- _YOUR TASK_:
Beginning with the line that has "passages in Prague.", write out each line down to the end of the records below exactly, and include no pictures.

- _INFORMATION PROVIDED_:
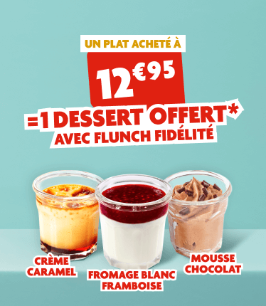 *Offre valable du 3 au 30 novembre pour l’achat d’un plat à 12,95€, hors plats “soirées à volonté”. Un dessert offert au choix : mousse au chocolat, crème caramel, ou fromage blanc framboises. Offre valable sur présentation d’une carte fidélité Flunch active ou pour toute souscription au programme de fidélité. Valable dans les restaurants participants et dans la limite des stocks disponibles
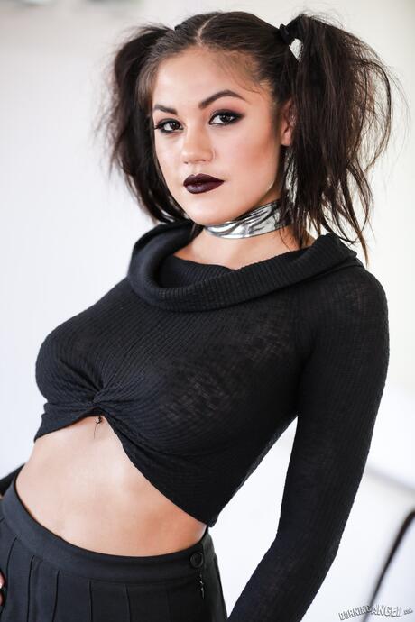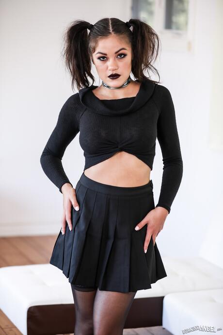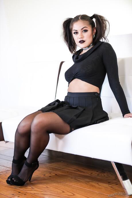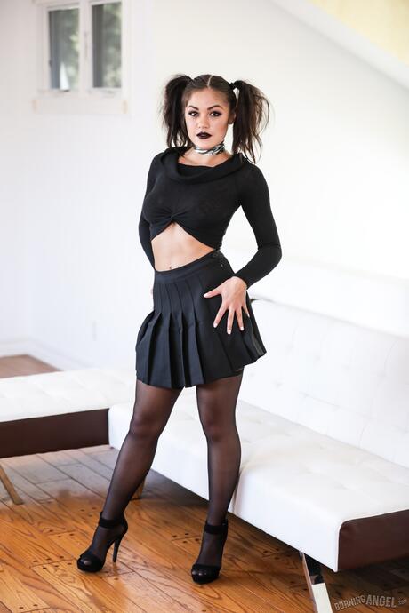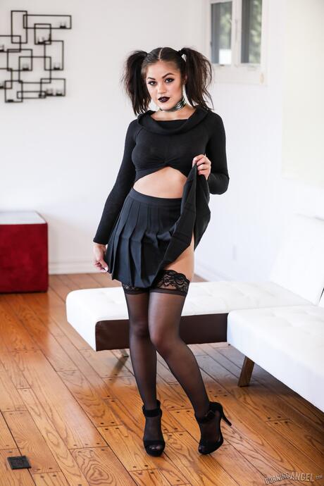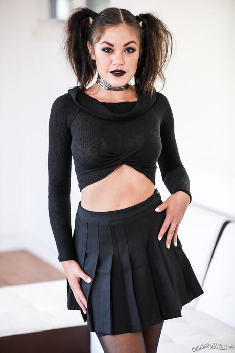 Adult Time: Goth teen Kendra Spade strips to her pantyhose and shows her hot ass
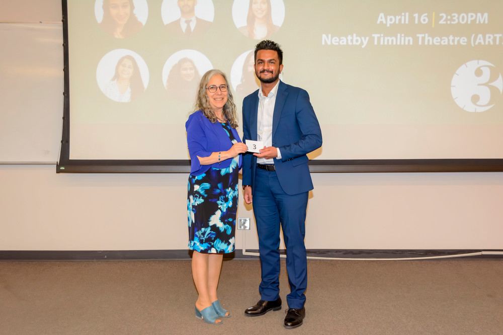 The 3MT competition was a fantastic opportunity to showcase my research in a unique and challenging format. Condensing years of work into a three-minute presentation was no easy task, but it taught me how to communicate my ideas clearly and effectively. The support and camaraderie among the participants were amazing, and I learned so much from watching others present their work. Winning the People's Choice Award was a highlight of my academic journey, and I am grateful for the experience. The 3MT is a must for any graduate student.
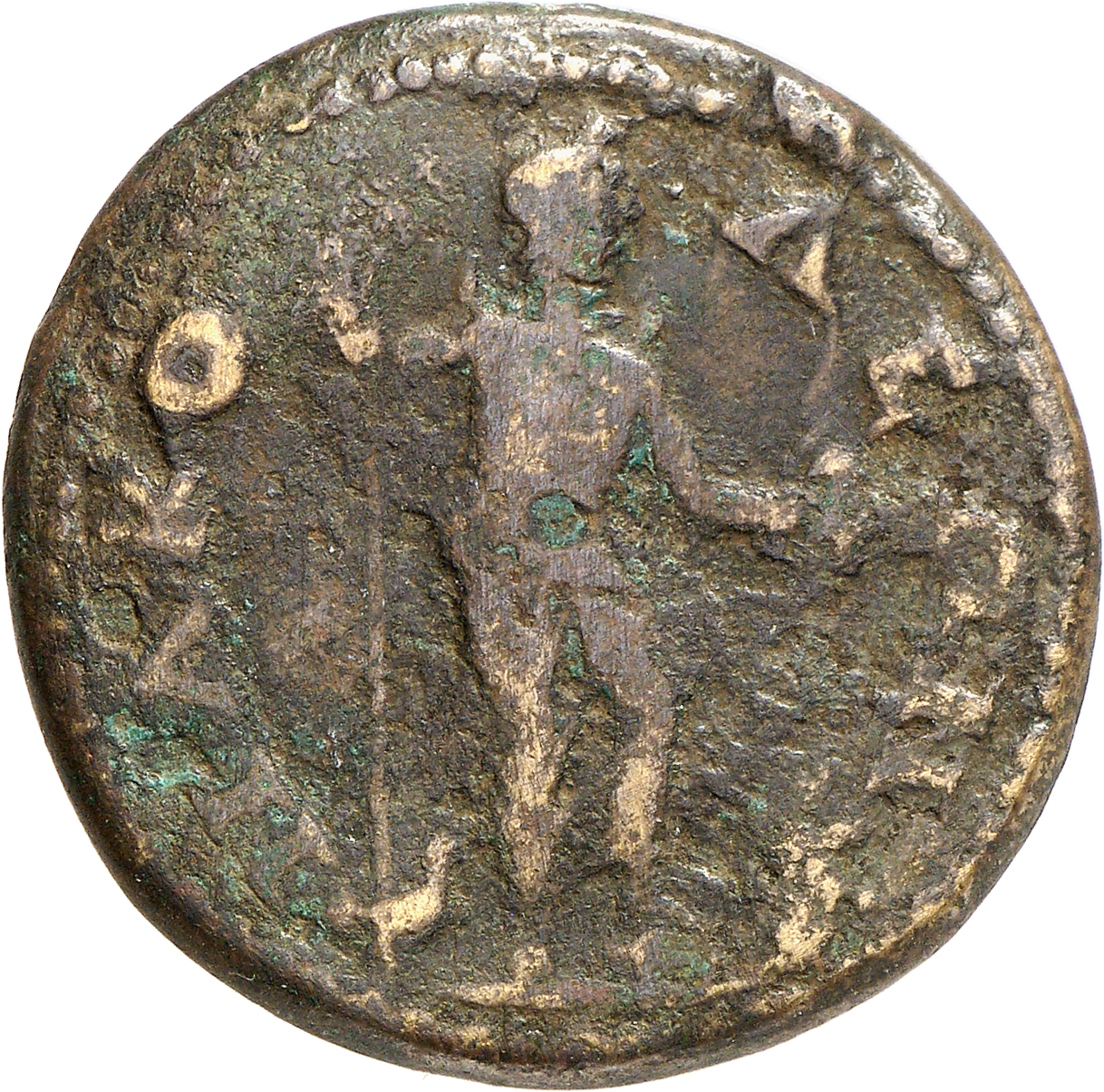 Mên standing right, crescent behind shoulders, holding pine cone and spear, foot on bucranium
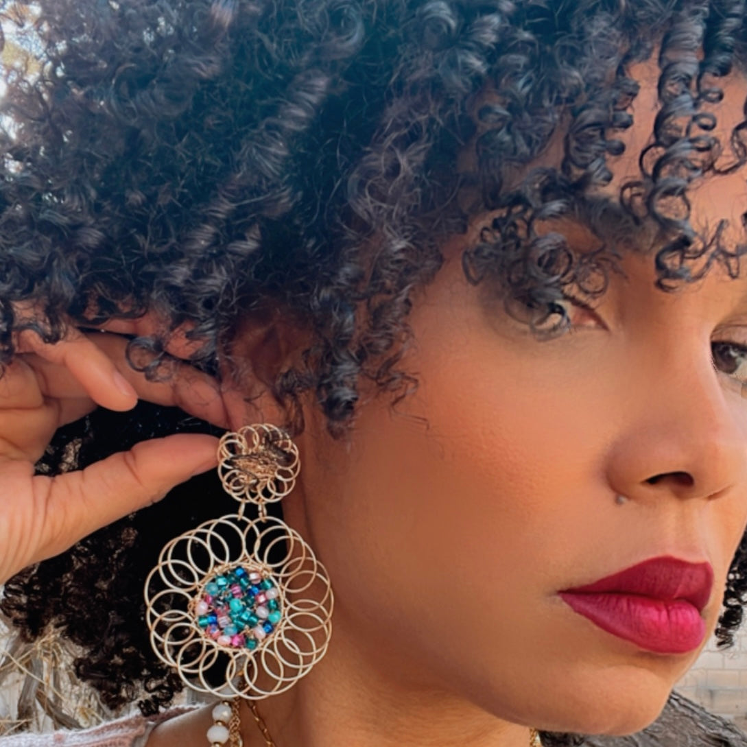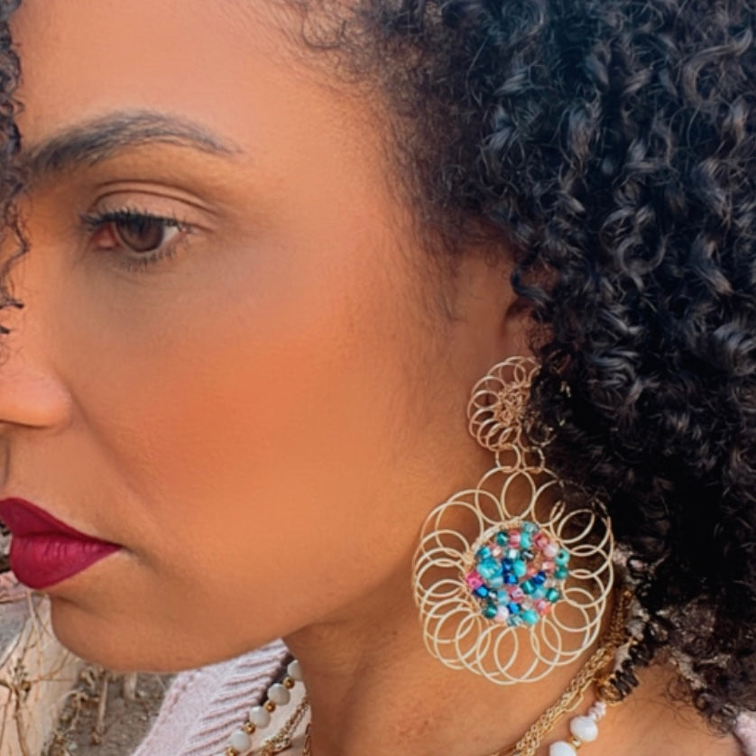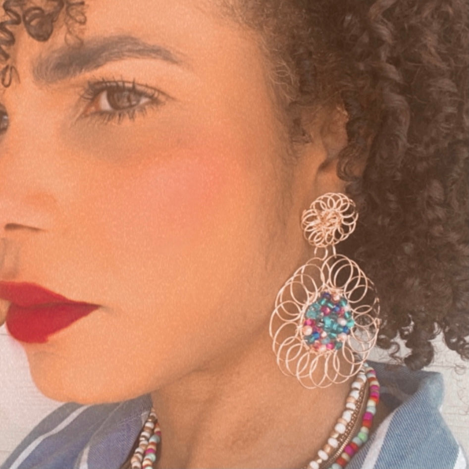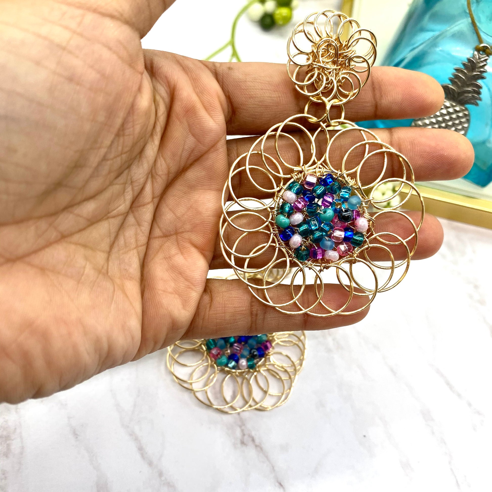 Beautiful embroidery wire earring of flower shape of gold wire and mixed color beads, this beautiful earring belongs to the beautiful Ocean collection
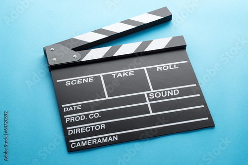 Obraz premium 水色の背景にカチンコ
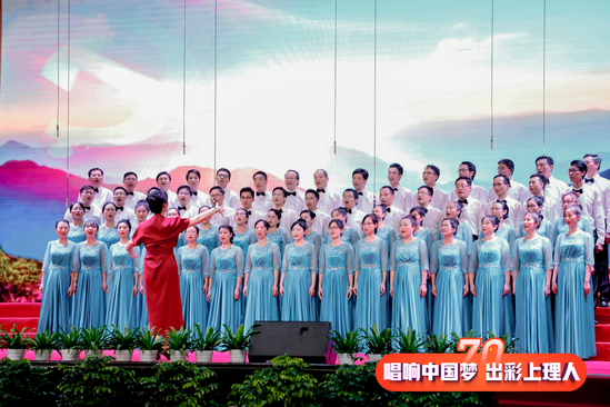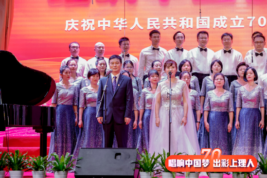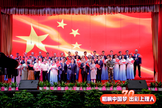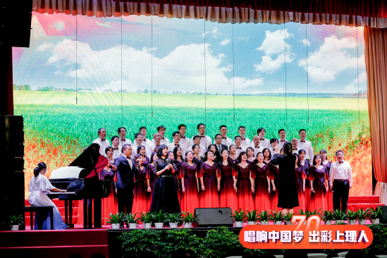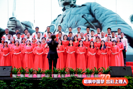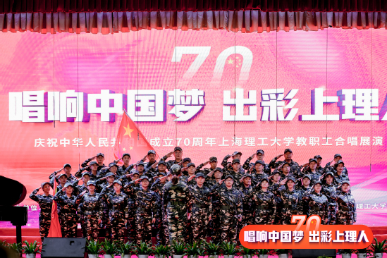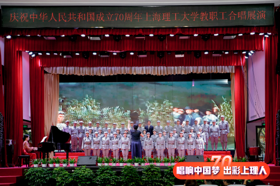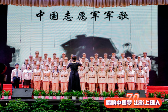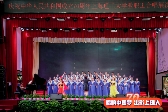 “五星红旗迎风飘扬, 胜利歌声多么响亮;歌唱我们亲爱的祖国, 从今走向繁荣富强”。最后,伴随着优美的旋律,全场的老师们在上海理工大学沪江之声合唱团的带领下,深情高歌《歌唱祖国》,上海理工大学教职工合唱展演在豪迈激昂的歌声中圆满落下帷幕。
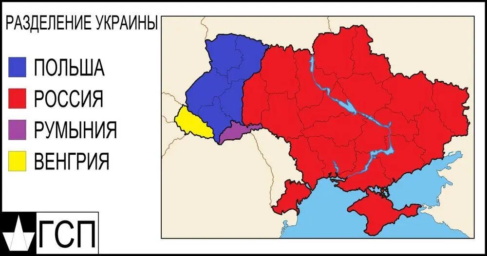 Доброе всем утро. Бороздя просторы нашего безграничного Яндекса и буржуйских говно поисковиков натыкаюсь на одни и те же карты. Давайте немного порассуждаем на эту тему ведь на самом деле это приближается и кто знает может нас подводят к этому плавно уже давно. " Красная зона " как видим это отношение территорий к РФ. Во всех подобных картах обрисовано именно так. Хотя пару карт встречал где все таки оставалась маленькая Украина состоящая из нескольких областей. Ну давайте так разбираем данную карту и я думаю ни у кого нет сомнений что красная линия проведена там где надо. Давайте разберем дальнейшие переделы. " Жёлтая зона " отношение территории Венгрии. Данным цветом обозначена Закарпатская область в ней проживает в пределах 200 тыс. человек Венгерской национальности. Жители данной области давно хотели провести референдум и войти в состав Венгрии. Закарпатская область она не меняла свои традиции на протяжении многих лет и родственных связей не меньше чем у "Красной зоны" с РФ. " Сир
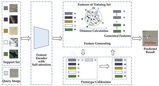 The proposed prototype calibration with the feature-generating model for few-shot remote sensing image scene classification is depicted in Figure 2.
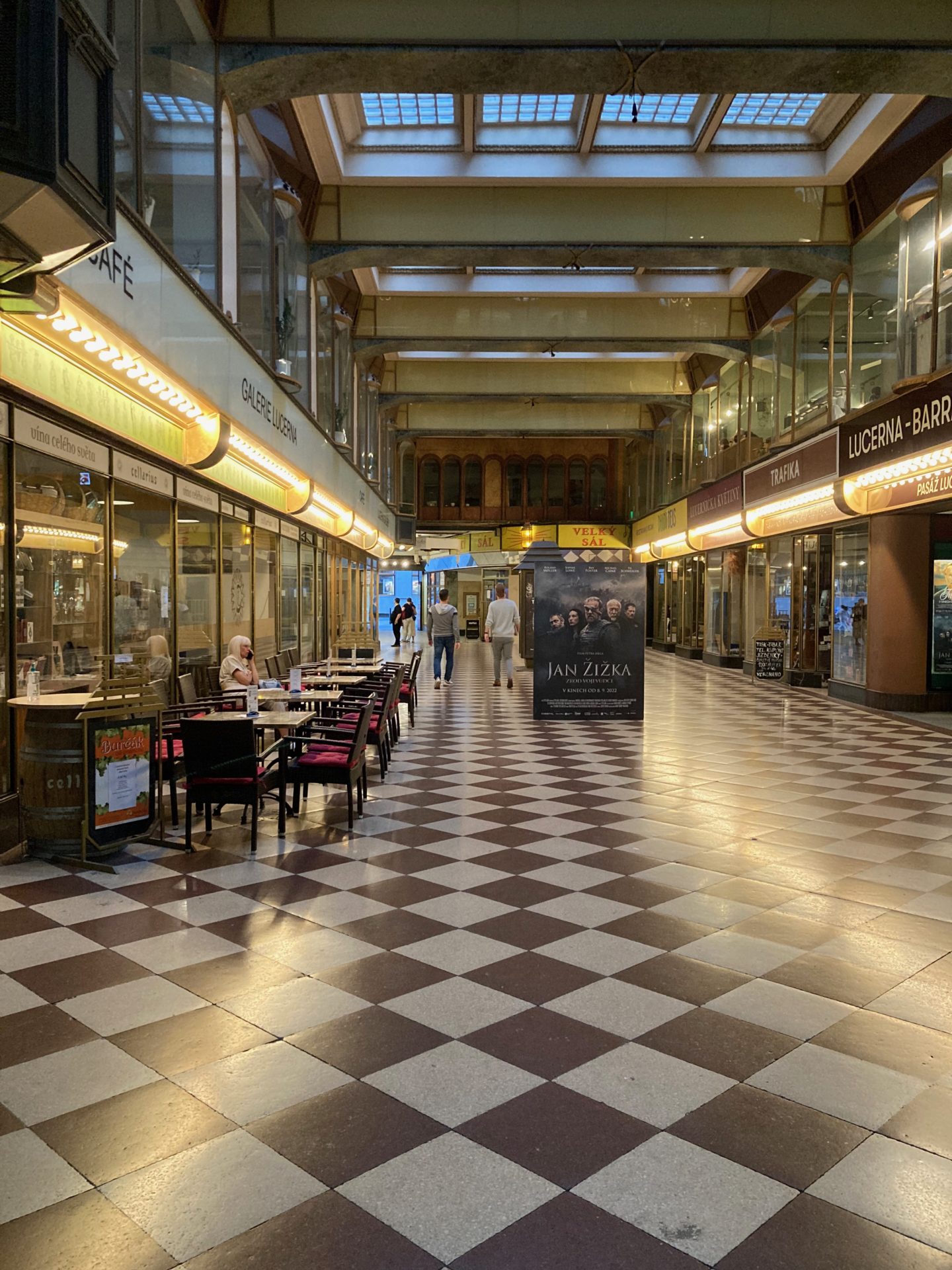 Lucerna (“lantern”) was built at the beginning of the 20th century by Vácslav Havel, the grandfather of the later President Václav Havel. He was inspired by the buildings in Berlin, Paris, and London – he also wanted to build a grandiose project of a house with large passages in Prague.
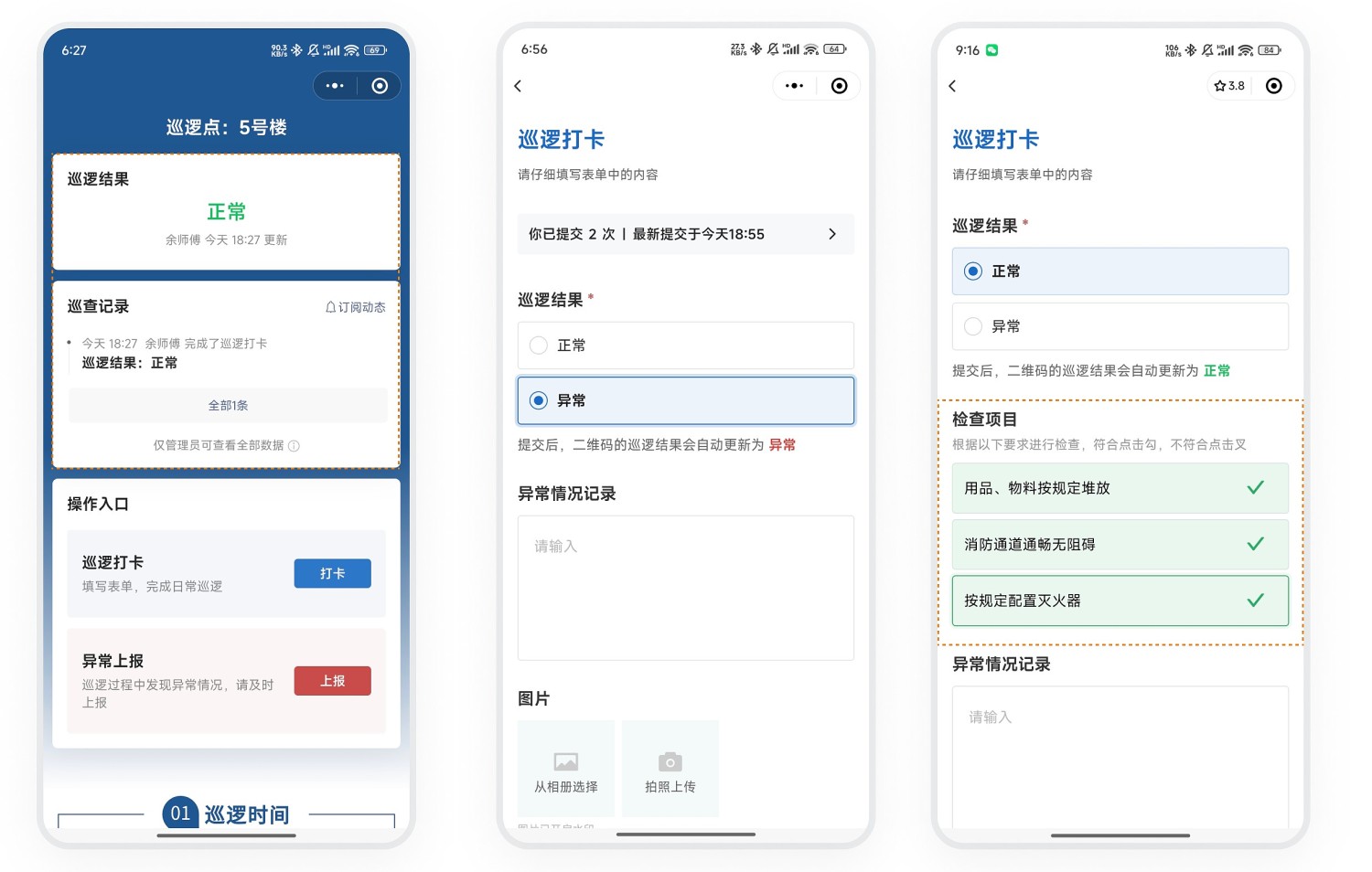 - 状态展示:二维码上的状态面板显示当前巡逻点的巡查结果:正常或异常。

- _EXPECTED ANSWER_:
 Lucerna (“lantern”) was built at the beginning of the 20th century by Vácslav Havel, the grandfather of the later President Václav Havel. He was inspired by the buildings in Berlin, Paris, and London – he also wanted to build a grandiose project of a house with large passages in Prague.
 - 状态展示:二维码上的状态面板显示当前巡逻点的巡查结果:正常或异常。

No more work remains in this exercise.